The number of residents in households in the Free State’s Mangaung Metro Municipality reliant on grants is on the rise.

This is according to the 2018 South Africa Survey findings published by the Institute of Race Relations (IRR).

Findings revealed that the Mangaung Metro, alongside the Buffalo City Metro in the Eastern Cape, has a rate above 40%, and it is envisaged to increase.

The Mangaung Metro governs Bloemfontein, Botshabelo, Dewetsdorp, Soutpan, Thaba Nchu, Van Stadensrus and Wepener. The Buffalo City Metro governs East London, Bisho and King William’s Town, as well as the large townships of Mdantsane and Zwelitsha.

According to Gerbrandt van Heerden, IRR analyst, the increase in residents reliant on grants in these metros is due to the inability to attract investments and create employment opportunities.

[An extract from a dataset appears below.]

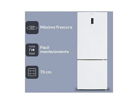 Frigorífico combi – Candy CCG5T718EW1, No Frost, 185.5 cm, Ancho especial 70 cm, 442 l, Tecnología Circle Fresh, Blanco

He said Gauteng metros had the least households reliant on grants and that findings had revealed that households in Gauteng’s three metropolitan areas, Johannesburg, Ekurhuleni and Tshwane (Pretoria), relied less on social grants than those in the five metropolitan areas located in other provinces.

“The proportions of households receiving social grants in Johannesburg (29,4%), Tshwane (30,3%) and Ekurhuleni (31,2%) fall below the average of 33,8% for South Africa’s eight metros, and are significantly lower than the national average of 44,8%,” said Van Heerden.

“After the Gauteng metros, Cape Town is at fourth place, with 35% of households receiving social grants.”

According to Van Heerden, Gauteng’s metros account for 87% of the pro­vince’s population.

“This can be attributed to their relatively lower dependency on social grants, because the province is the single largest contributor to South Africa’s economy,” he said.

Van Heerden pointed out that the reduced reliance on social grants in Gauteng was influenced by:

  • A labour absorption rate of 52,6% in Johannesburg, 51,6% in Tshwane and 50,1% in Ekurhuleni in 2017 – higher than in any other metropolitan area except Cape Town, which has a rate of 53,9%.
  • A provincial expanded unemployment rate in 2017 (this includes people who have given up looking for work) of 32,9% – far lower than in any other province, except the Western Cape, which has a rate of 24,6%.
  • The proportion of people spending R10 000 or more per month, which is about twice as high in Gauteng as in seven other provinces.
  • The proportion of adults with a degree or higher qualification, which is 8% in Gauteng, compared to the national average of 4,9%.

“Two of Gauteng’s metros showed a decline in households receiving social grants. The proportion of households receiving social grants in Ekurhuleni fell from 31,6% in 2015 to 31,2% in 2016, while Tshwane saw a drop from 30,9% to 30,3% during the same period.”

Van Heerden has strongly emphasised that government needs to focus on re-energising the economies of South Africa’s other cities to encourage job growth and minimise reliance on state assistance.